Goal of the exercise:
Please set down each of the lines below once more, exactly, omitting all pictures.

Supplied information:
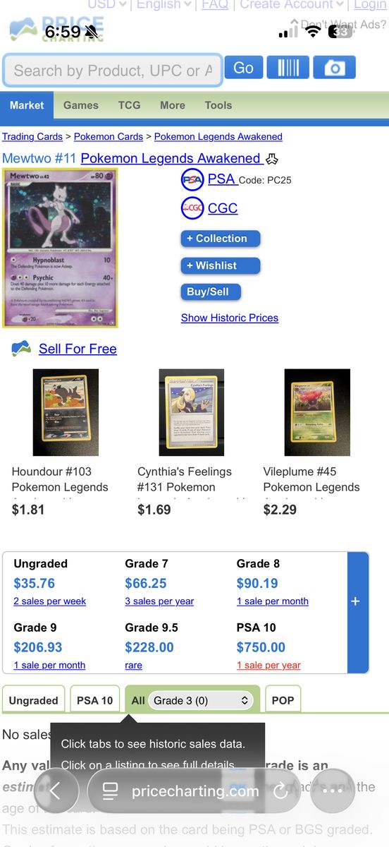 Pokemon Legends Awakened Mewtwo Holo 11/146 LP Condition $30
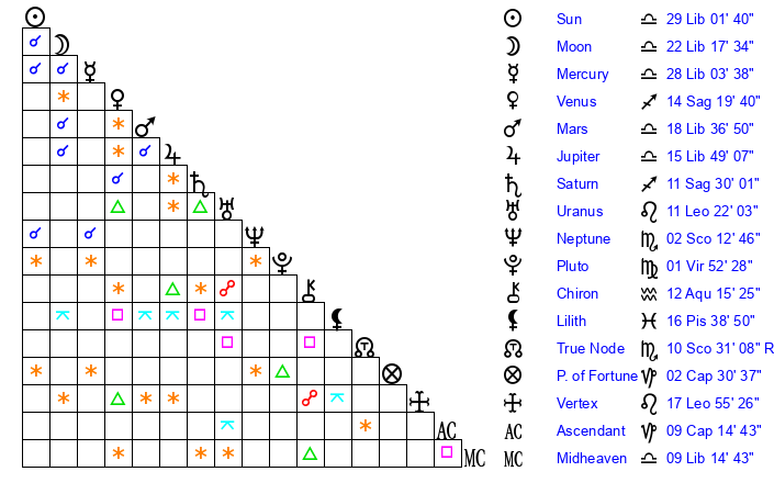 | Moon | 22 Libra 16 | 12 Scorpio 33 | 13 Aries 13 |
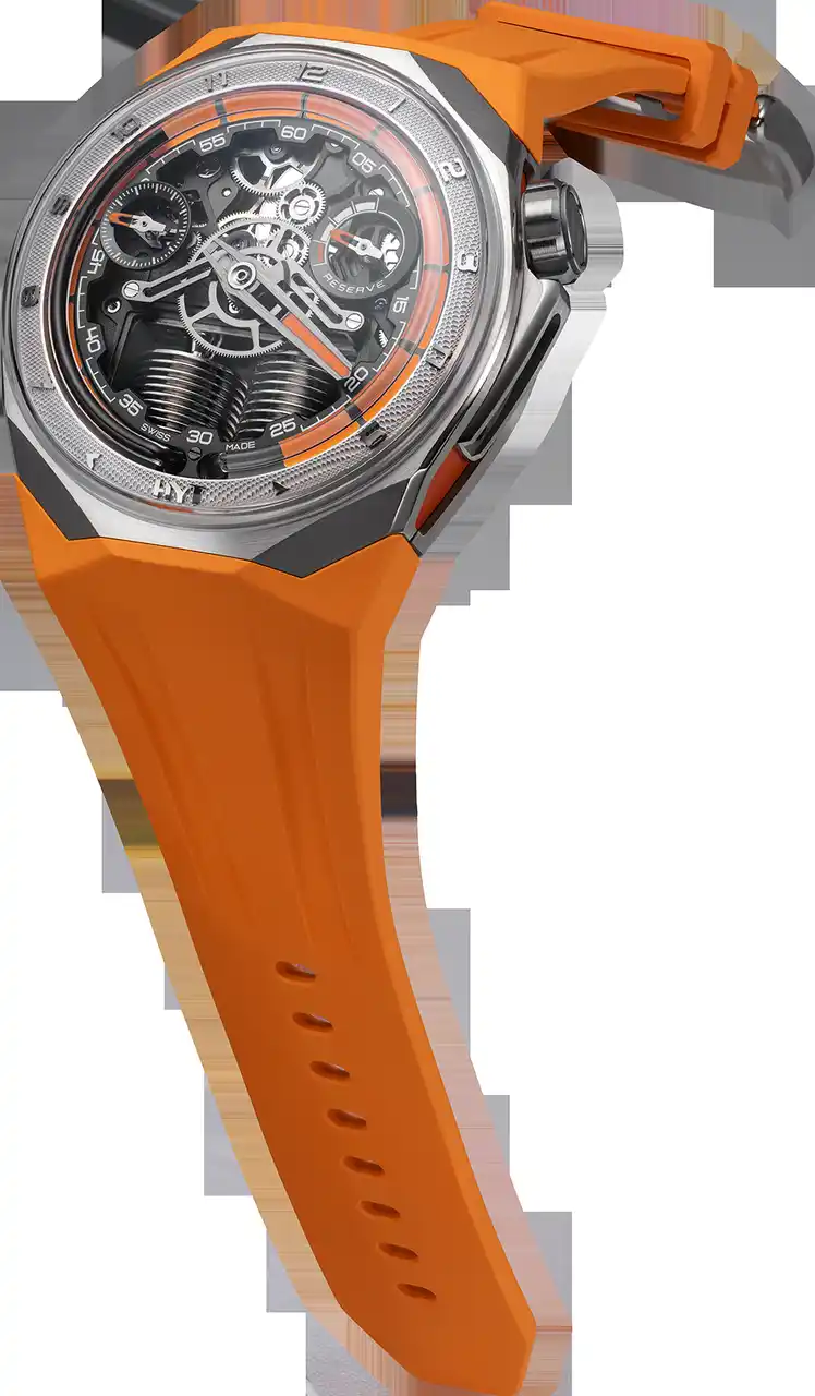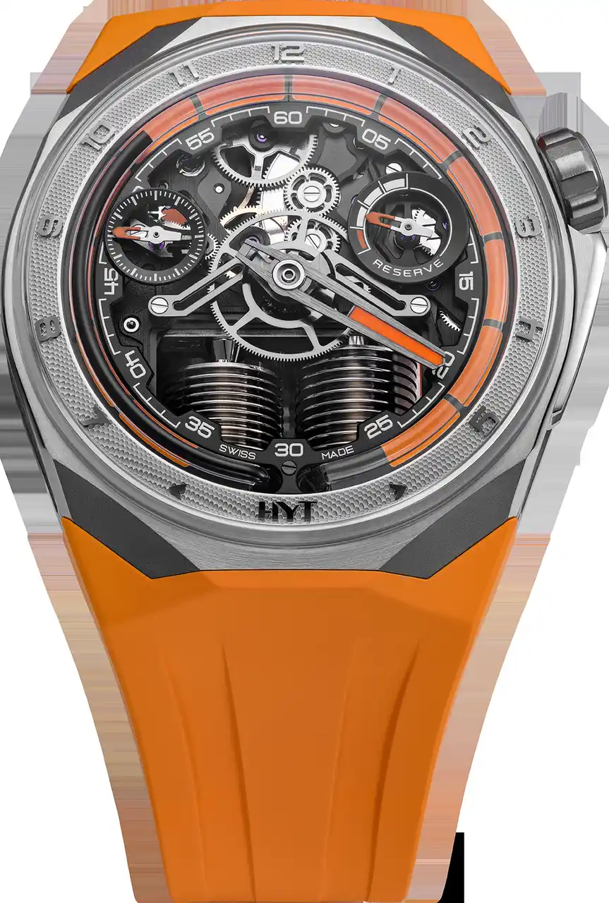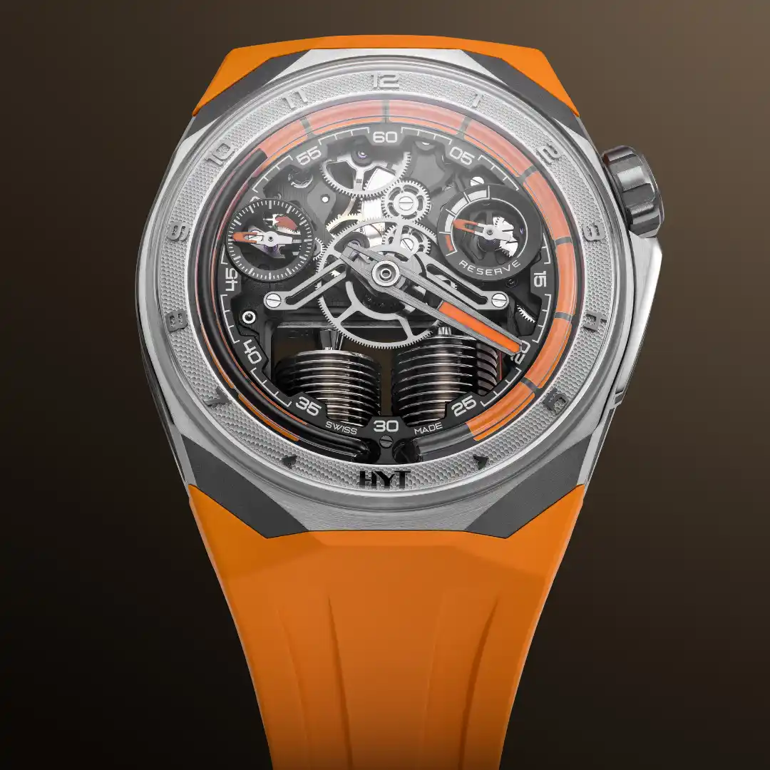 | オレンジは、スタートの合図となるライト、レーシングスーツ、そして突然夜へと移り変わる夕焼けの色です。HYTは、この色を新作「S1 チタン オレンジ」の輝きを放つ糸として表現しました。サテン仕上げのチタン製ケースは、銀色の金属と、文字盤の周囲を光るベルトのように囲むオレンジ色のDLCインサートとの間で、緊密な対話を繰り広げています。 | ||||||||||||||

Written response:
 Pokemon Legends Awakened Mewtwo Holo 11/146 LP Condition $30
 | Moon | 22 Libra 16 | 12 Scorpio 33 | 13 Aries 13 |
 | オレンジは、スタートの合図となるライト、レーシングスーツ、そして突然夜へと移り変わる夕焼けの色です。HYTは、この色を新作「S1 チタン オレンジ」の輝きを放つ糸として表現しました。サテン仕上げのチタン製ケースは、銀色の金属と、文字盤の周囲を光るベルトのように囲むオレンジ色のDLCインサートとの間で、緊密な対話を繰り広げています。 | ||||||||||||||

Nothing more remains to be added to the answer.